Напротив Кадфаэля, по другую сторону кровати, стоял на коленях брат Рун – сосредоточенный, но ничуть не страшащийся приближения смерти, и не потому, что смерть угрожала не ему; он знал, что и собственную смерть встретит так же спокойно. В полумраке его чистое юное лицо, венчик белокурых волос на голове, голубые глаза и какая-то неподдельная искренность словно озаряли все вокруг добрым светом. Нужно было обладать непоколебимой, наивной верой, чтобы спокойно оставаться у постели умирающего, ощущая в своем сердце только бесконечную любовь и добро, и ни тени жалости.
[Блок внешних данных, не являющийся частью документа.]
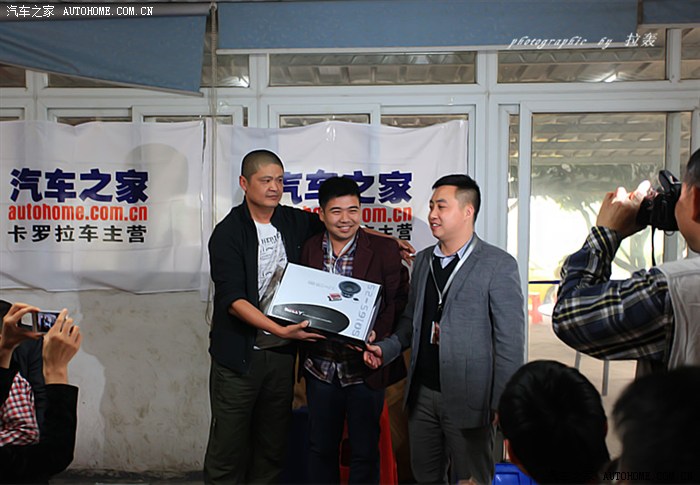 同样获得汽车音响喇叭,当然少不了和抽奖者71大哥与赞助者侯总合照一张了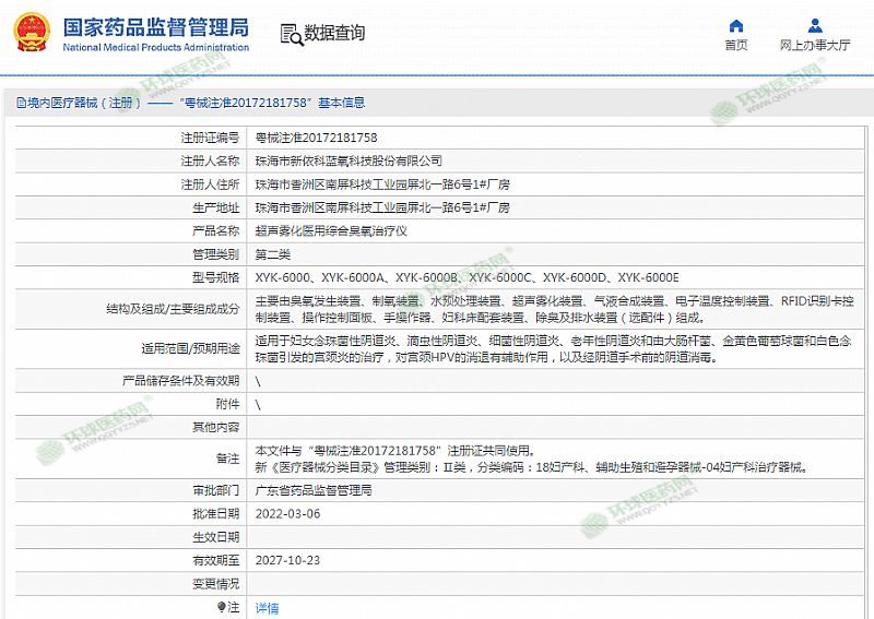 生產(chǎn)企業(yè): 珠海市新依科藍氧科技股份有限公司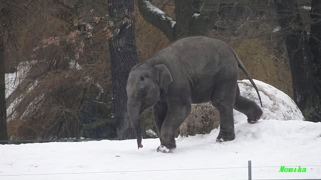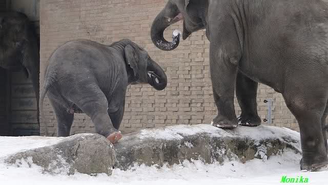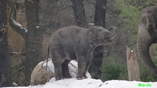 Während die großen Elefanten an der Tür standen und rein wollten, spielte Ko Raya vergnügt im Schnee.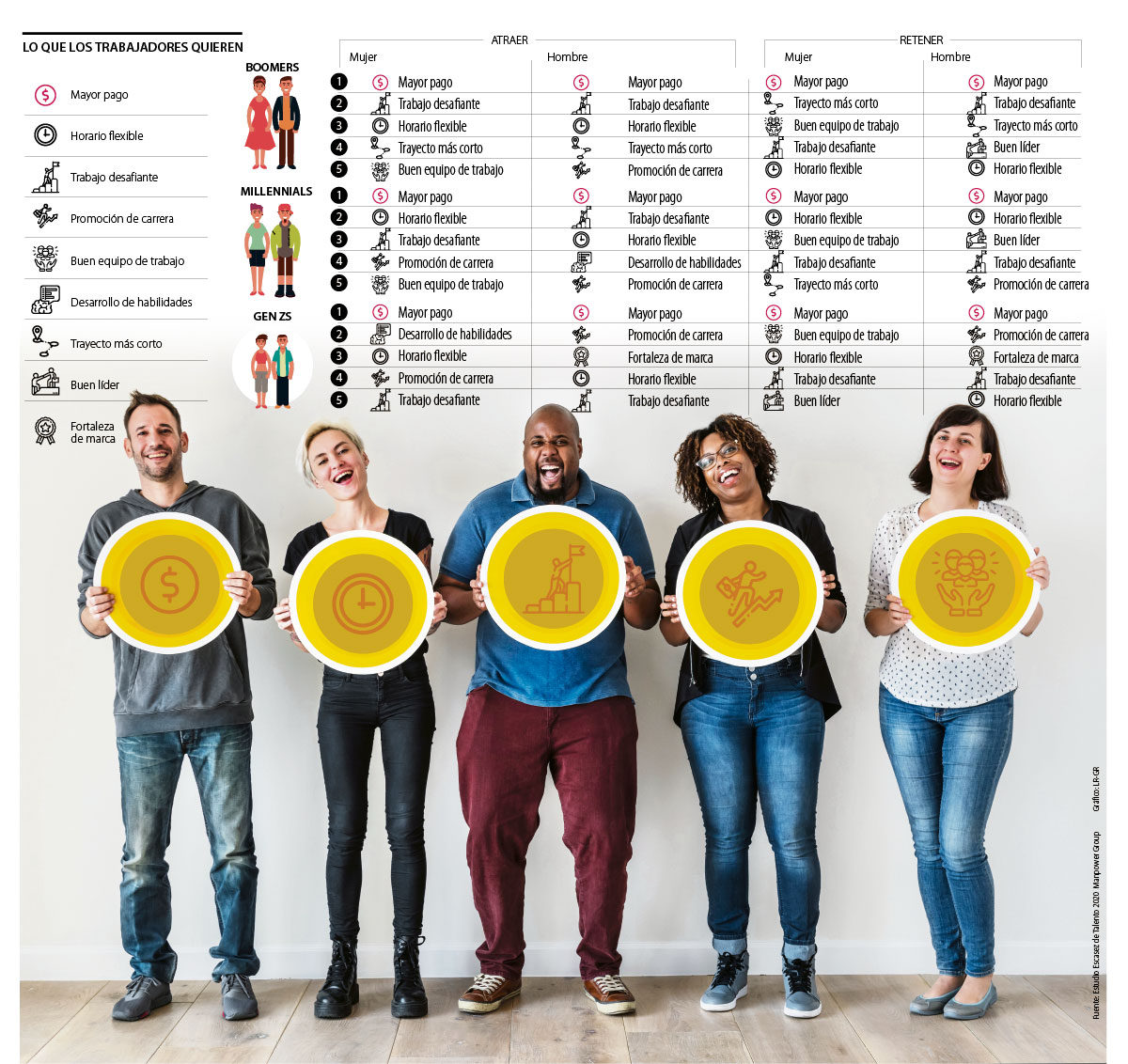 Según el estudio ‘Cerrando las brechas de habilidades: lo que los trabajadores quieren’, de la agencia de servicios y soluciones de capital humano Manpower Group, el salario es el factor principal de atracción y retención para todos los trabajadores menores de 65 años. Sin embargo, se lee en el documento, “los sueldos están creciendo la mitad de rápido que hace 10 años, especialmente para los trabajadores de menores ingresos”. Por eso, “las empresas tienen que ser creativas para mejorar las formas de compensación más allá del dinero en efectivo, de modo que generen y atraigan talento”.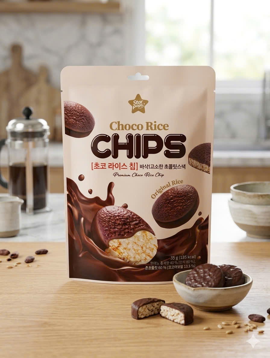 Thành phần: Bỏng gạo lứt cháy 40% [gạo lứt (Hàn Quốc) 80%, gạo lứt cháy (Hàn Quốc) 19,9%, chất tạo ngọt tự nhiên (Stevia được xử lý bằng enzyme) 0,1%], sô-cô-la hỗn hợp - Fancy Choco B1 60% [Đường trắng, dầu thực vật chế biến (Malaysia), bột ca cao (Singapore) 12,5%, bột váng sữa (Chile, Phần Lan, Mỹ, v.v.), sữa bột hỗn hợp 5% (sữa bột nguyên kem 85%, bột ca cao 15%), chất nhũ hóa (lecithin), vanillin, hương liệu tổng hợp (hương sô-cô-la), chất nhũ hóa (ester của glycerin với các acid béo)].

Сколько раз Кадфаэль видел, как к ним в обитель приходили молодые люди с печатью той же очарованной веры на челе, и сколько раз он видел, как эта вера не выдерживала испытания временем, тускнела, разрушалась понемногу под гнетом простой и такой трудной обязанности – сохранить и пронести через годы лучшие душевные качества. Но юному Руну эта опасность не грозила. Святая Уинифред, пославшая ему избавление от увечья, конечно, не допустит, чтобы ее щедрый дар был обесценен духовным изъяном.